Work order
Could you restate word for word the lines running from the one with "Zwarte crêpe japon, gegarneerd" to the end of the data, both ends included, but without pictures?

Dataset content: Begin

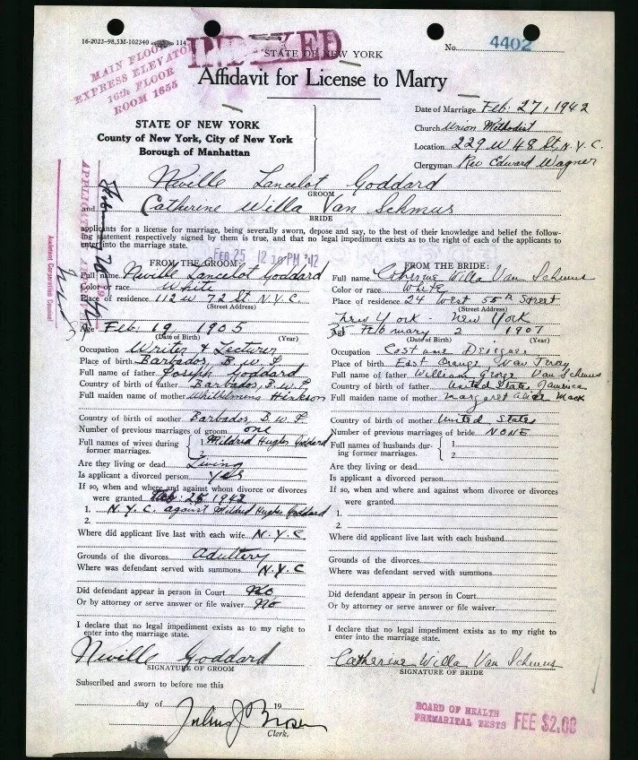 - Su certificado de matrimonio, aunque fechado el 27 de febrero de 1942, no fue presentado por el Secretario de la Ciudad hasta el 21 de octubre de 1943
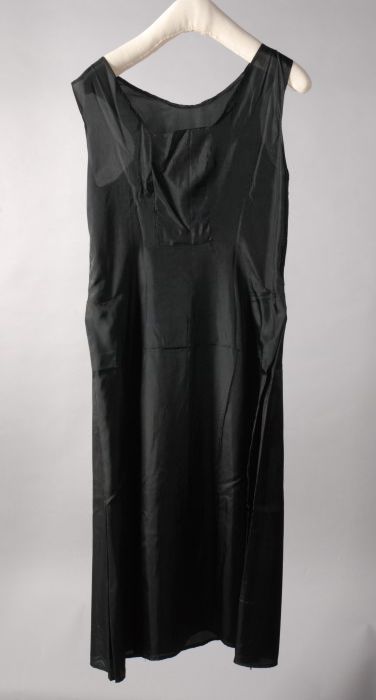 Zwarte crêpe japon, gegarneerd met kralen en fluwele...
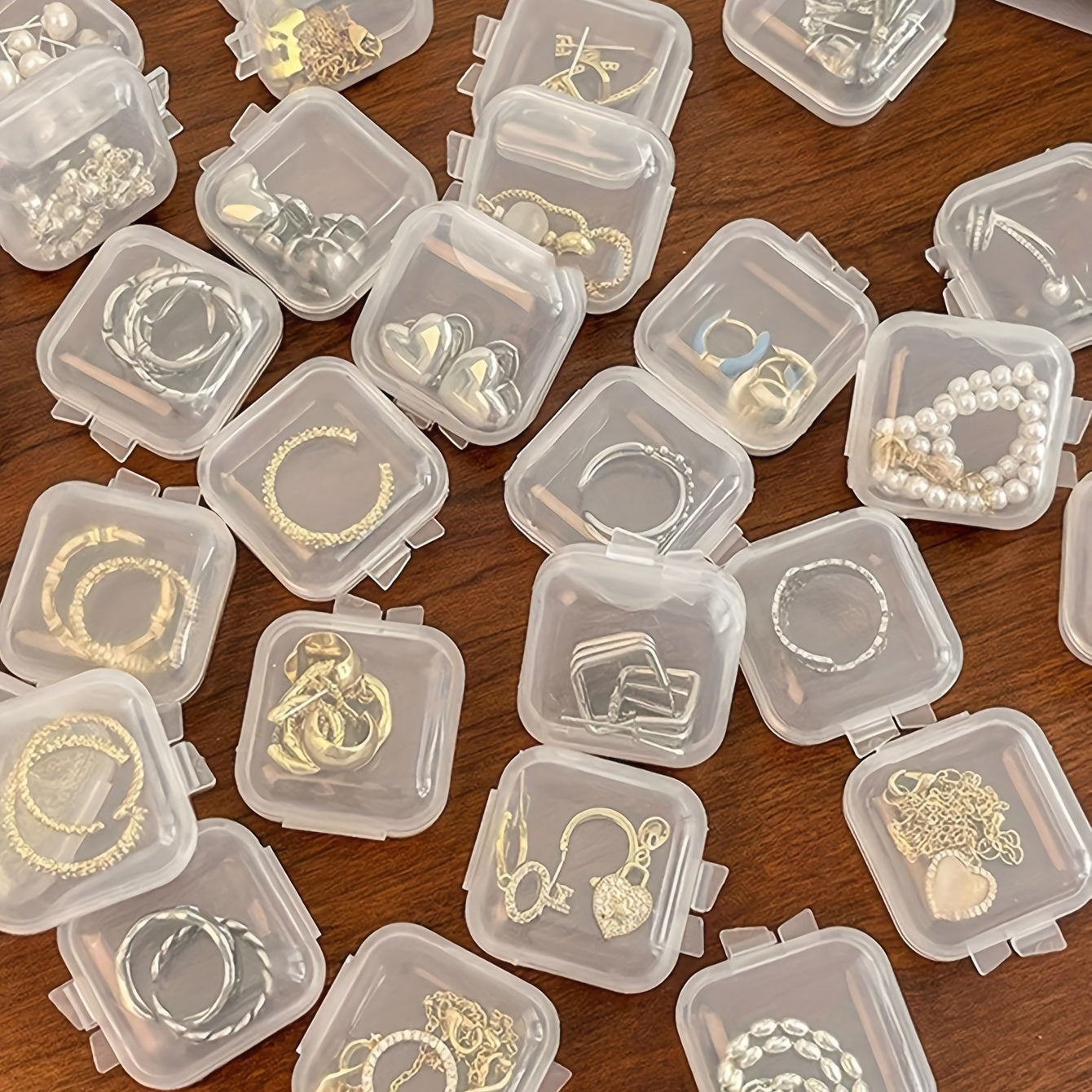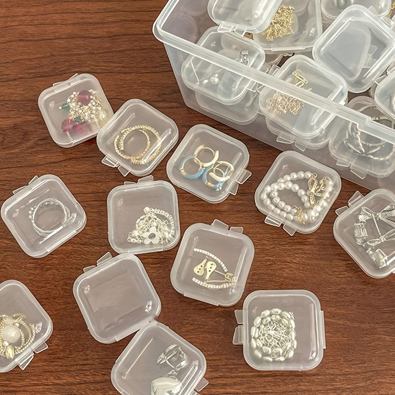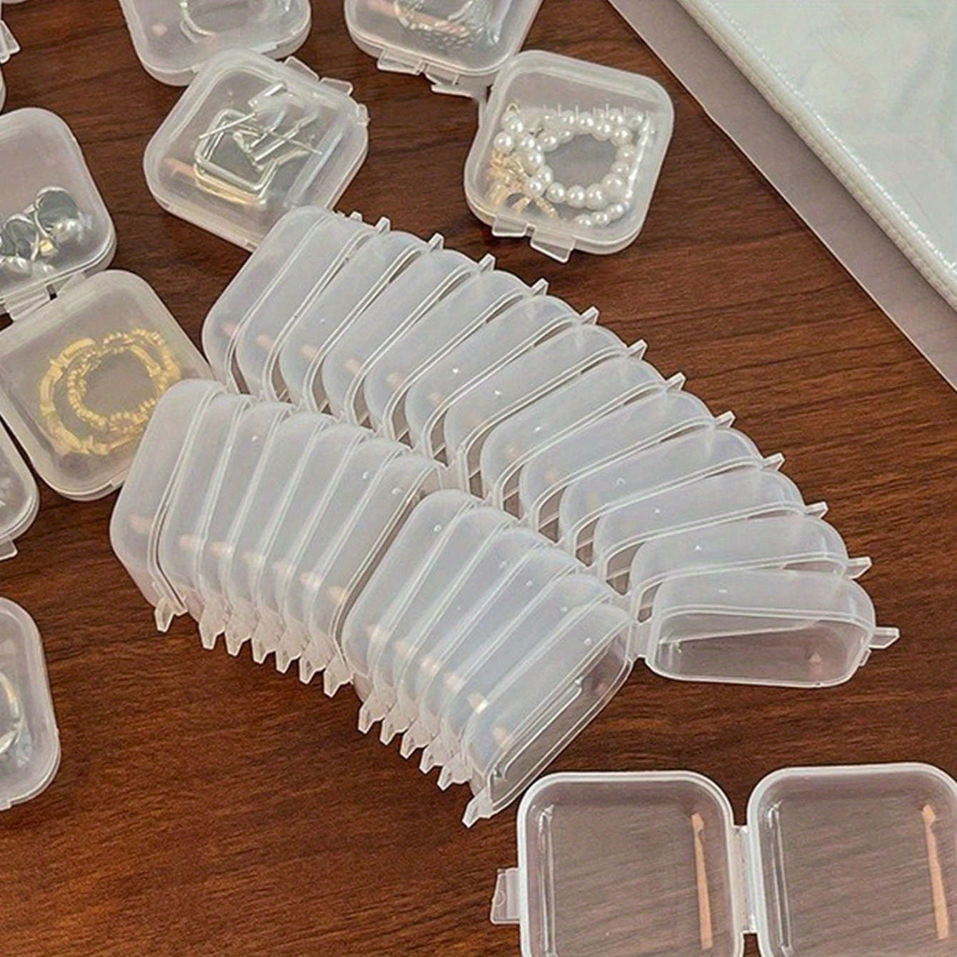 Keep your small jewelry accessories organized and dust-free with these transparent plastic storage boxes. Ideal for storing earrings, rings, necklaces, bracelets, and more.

Dataset content: End

Written answer
 Zwarte crêpe japon, gegarneerd met kralen en fluwele...
 Keep your small jewelry accessories organized and dust-free with these transparent plastic storage boxes. Ideal for storing earrings, rings, necklaces, bracelets, and more.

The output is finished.